Given data:
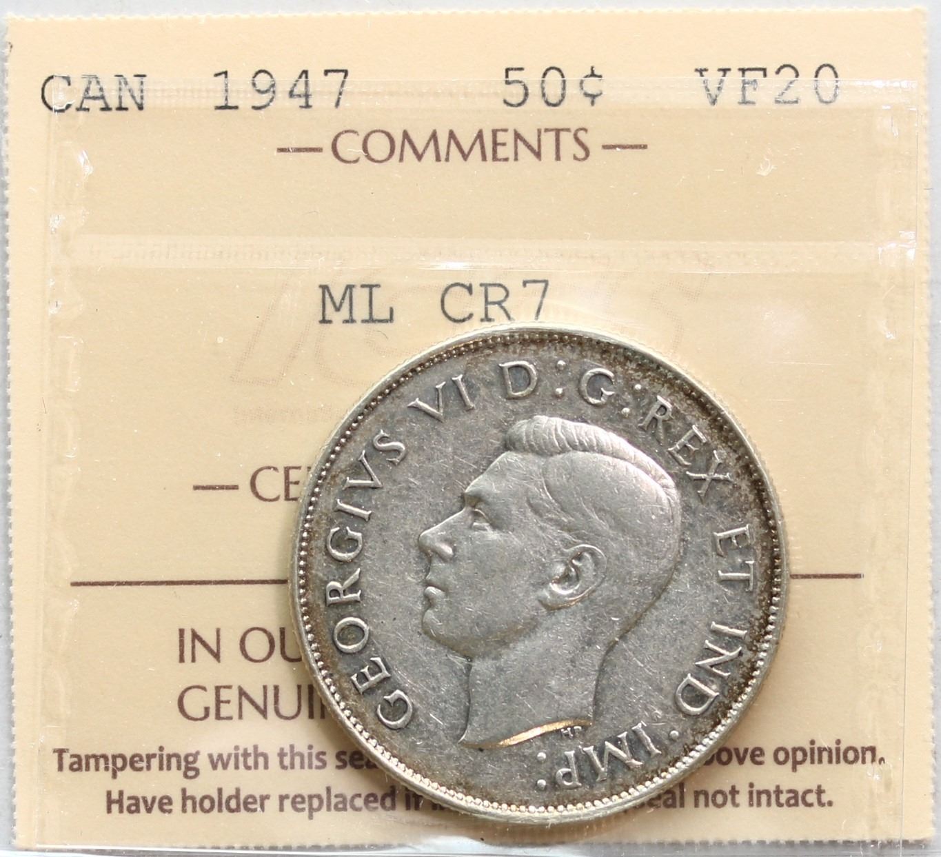 1947 50¢ "ML CR" ICCS Very Fine-20, A rare and sought after variety! Untoned.
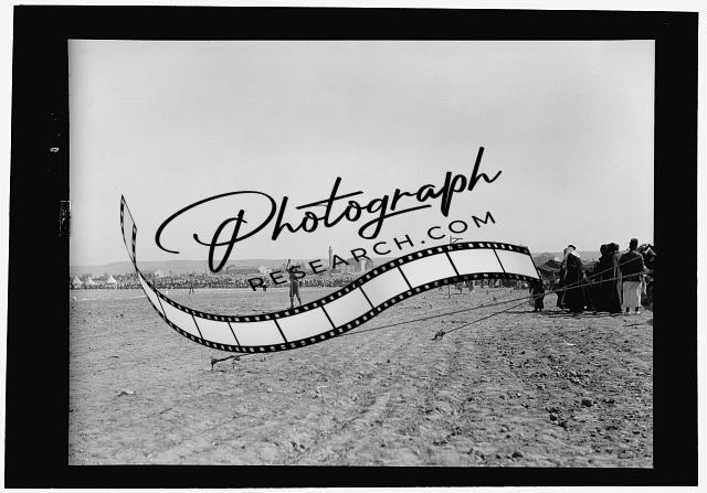 Title: Close of the 1930 locust campaign. Bedouins racing and feasting at Beersheba on June 30th, 1930. The winning camel on his final stride
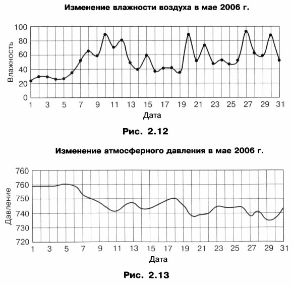 Аналогичную информацию обеспечивают графики изменения влажности воздуха и атмосферного давления, построенные на основании 3-й и 4-й граф таблицы (рис. 2.12, 2.13).
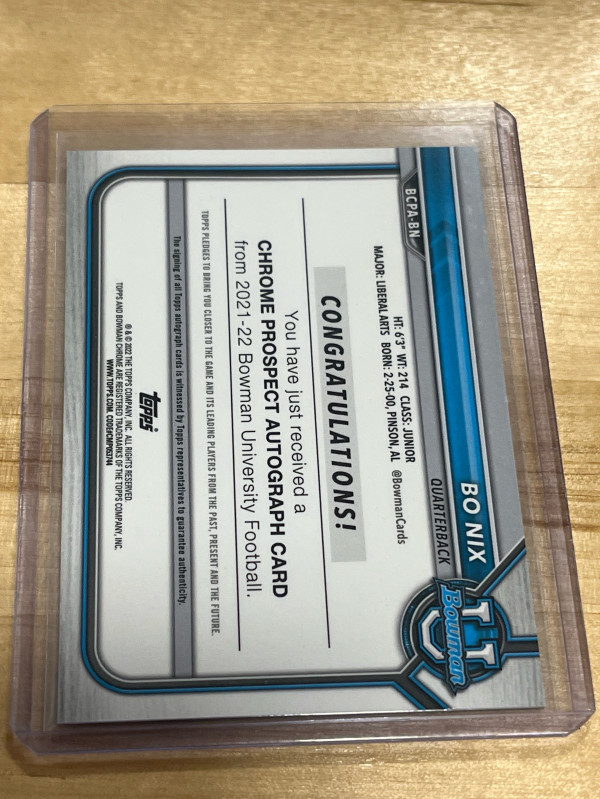 2021 Bowman Chrome Prospect Auto Bo Nix
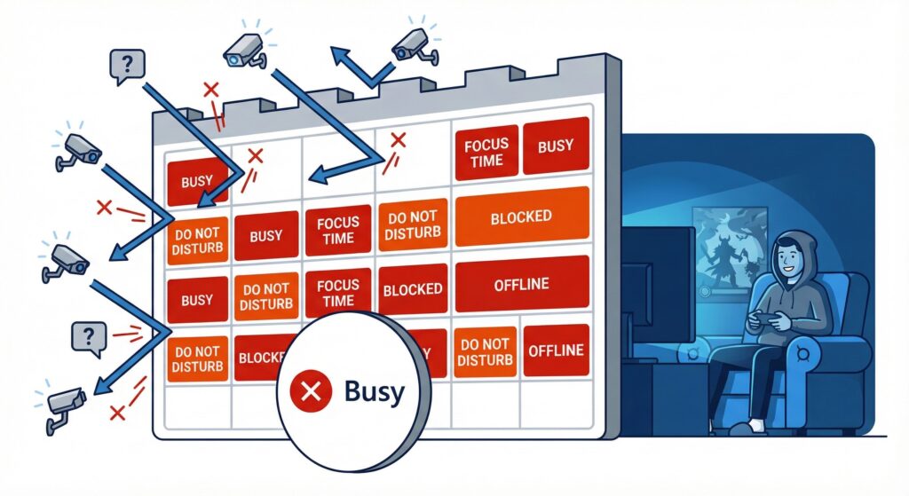 テレワークにおいて、カレンダーの空白は「誰でも自由に時間を奪っていい場所」ではない。貴様が集中して成果を出すための聖域だ。
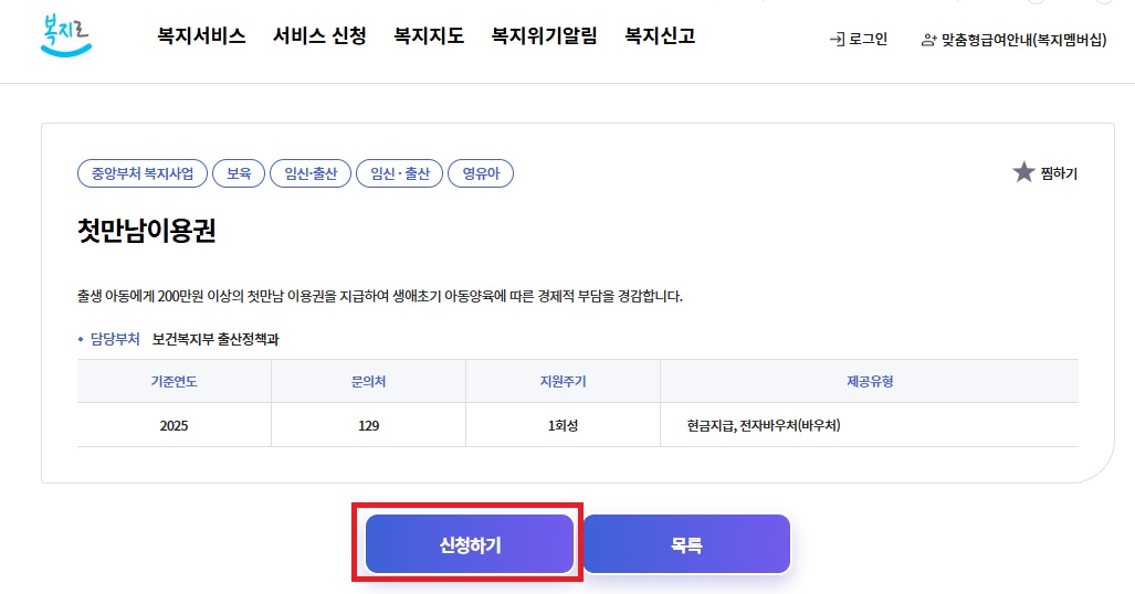 첫만남이용권은 ‘정부24’ 또는 관할 주민센터에서 신청 가능합니다. 출산일로부터 일정 기간 내 신청해야 하며, 전자 바우처 형태로 지급됩니다.

Your task: Copy out the listing exactly as it stands, but not the pictures.

Answer:
 1947 50¢ "ML CR" ICCS Very Fine-20, A rare and sought after variety! Untoned.
 Title: Close of the 1930 locust campaign. Bedouins racing and feasting at Beersheba on June 30th, 1930. The winning camel on his final stride
 Аналогичную информацию обеспечивают графики изменения влажности воздуха и атмосферного давления, построенные на основании 3-й и 4-й граф таблицы (рис. 2.12, 2.13).
 2021 Bowman Chrome Prospect Auto Bo Nix
 テレワークにおいて、カレンダーの空白は「誰でも自由に時間を奪っていい場所」ではない。貴様が集中して成果を出すための聖域だ。
 첫만남이용권은 ‘정부24’ 또는 관할 주민센터에서 신청 가능합니다. 출산일로부터 일정 기간 내 신청해야 하며, 전자 바우처 형태로 지급됩니다.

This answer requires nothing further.